The most popular such movement involves abolishing or gutting the 10th Amendment as a way to deny American citizenship to the U.S.-born children of undocumented immigrants. Even the ostensibly moderate Sen. Lindsey Graham (R-S.C.) has signed on to that one, while Rep. Louie Gohmert (R- Texas) speculates that such children actually are terrorist moles planted here to grow up as U.S. citizens as part of a long-range plot.

Nothing quite tops the anti-Muslim hysteria, which has led people to organize opposition to the construction of new mosques in places from Lower Manhattan to Temecula. One candidate for statewide office in Tennessee — somebody should examine their water supply — argues that the 1st Amendment does not cover Muslims.

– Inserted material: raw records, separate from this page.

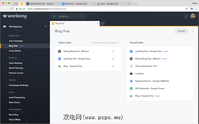 如果您的工作主要围绕互联网服务和浏览器进行,那么您会发现在数十个窗口和选项卡之间进行切换非常麻烦。输入Workona,这是一个免费的扩展程序,可将桌面工作区带到Google Chrome。
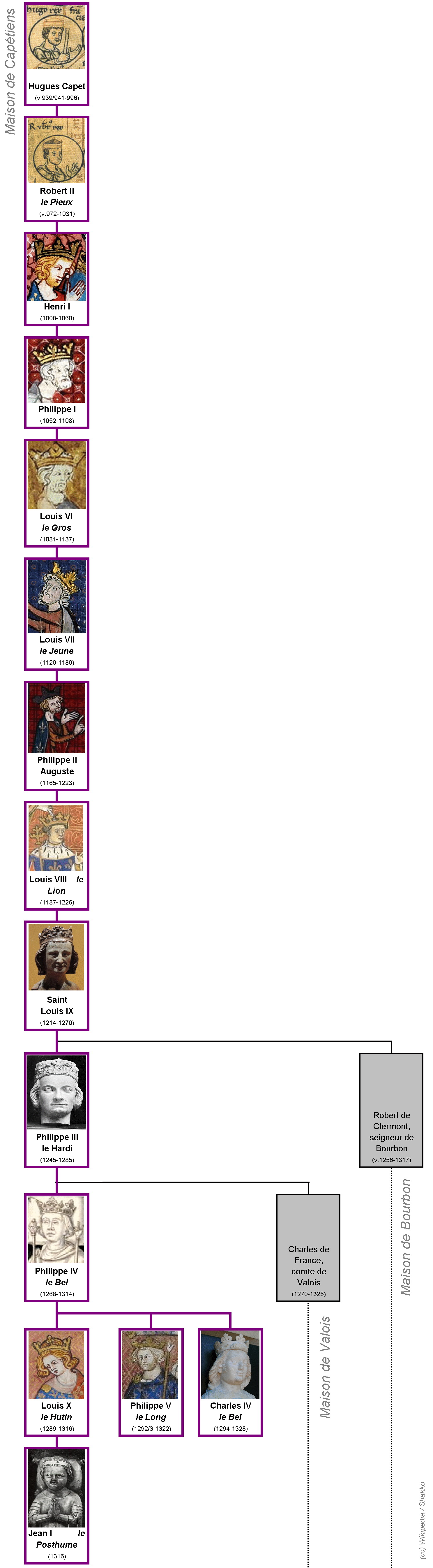 루이 10세, 장 1세, 필리프 5세, 샤를 4세의 짧은 통치 기간이 이어졌다. 필리프 4세의 아들들의 연이은 즉위는 카페 가문의 종말을 시작하게 하였다.
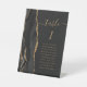 The left-hand edge of this elegant modern wedding table number pedestal features a black watercolor agate border trimmed with faux gold glitter. The word "table" appears in whimsical gold-coloured script on a slate black background. Add the names of your guests who are assigned to each table.
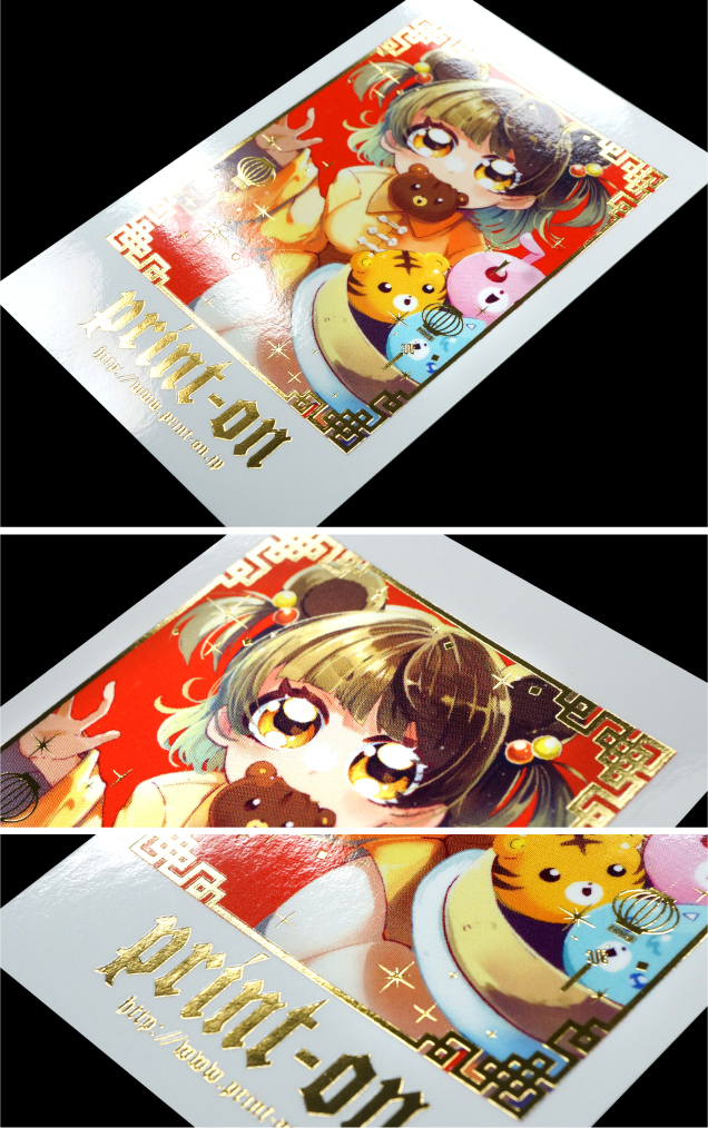 | コートカード紙220kg/フルカラーRGB印刷/クリアPP 専用オプション:箔押し加工/金 |
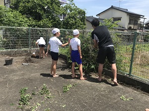 運動場の除草作業を頑張り、ずいぶん運動場がすっきりしました。
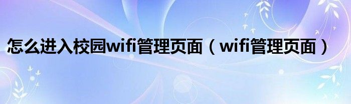 大家好,小晋来为大家解答以下问题,关于怎么进入校园wifi管理页面,wifi管理页面很多人还不知道,今天让我们一起来看看吧!
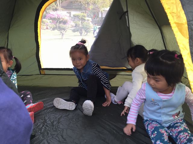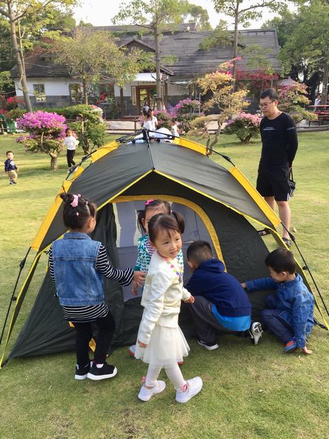 终于,帐篷的支架固定好了,娃娃们迫不及待地钻了进去,还把小帘子拉了起来,窝在他们自己的小天地里,开心地不得了。在里面呆腻了,就跑出来扮起了大灰狼,吓得帐篷的娃娃们赶紧关上了门。
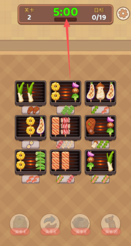 4、我们需要注意的是,后面更具难度的关卡中,消除了后面也有隐藏的烤串。可以选择道具去完成。
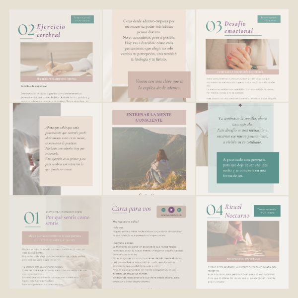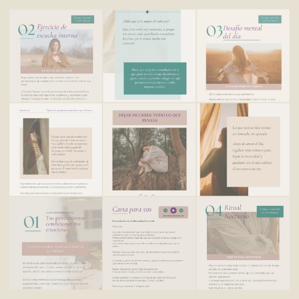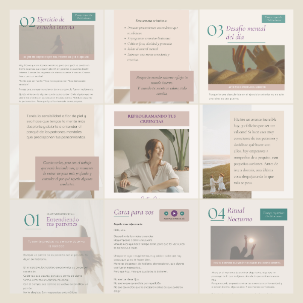 ✔ 5 Guías digitales +120 páginas con propuestas para transformar tu diálogo interno

Some inclined toward therapeutic explanations of history might attribute all this to a kind of collective post-traumatic stress syndrome engendered by the lingering, still-unresolved aftermath of the horrific events of 9/11. Others might point to the dislocating effect of electing an African American president to govern a society in which strong currents of racial anxiety still eddy beneath the surface of everyday life. Perhaps both forces act in unseen concert.

Back in the early 1970s — an era whose tumult we yet may come to regard as benign — social scientists here and in Britain coined the term “moral panic” to describe what can happen when groups of people are seized by an exaggerated fear that other people or communal forces threaten their values or way of life. The scholars described those who promoted the panic’s spread as “moral entrepreneurs” — a term that takes on a deep resonance when you consider the commentators and politicians who have attached themselves, and their interests, to the “tea party” and its attendant movements.

In the midst of moral panic, inchoate indignation stands in for reason; accusation and denunciation supplant dialogue and argument; history and facts are rendered malleable, merely adjuncts of the moral entrepreneur’s — or should we say provocateur’s — rhetorical will. As we now also see, a self-interested mass media with an economic stake in the theatricality of raised and angry voices can transmit moral panic like a pathogen.

Looking around the United States in the summer of 2010, hysterical moral panic seems an apt description of our fevered political condition.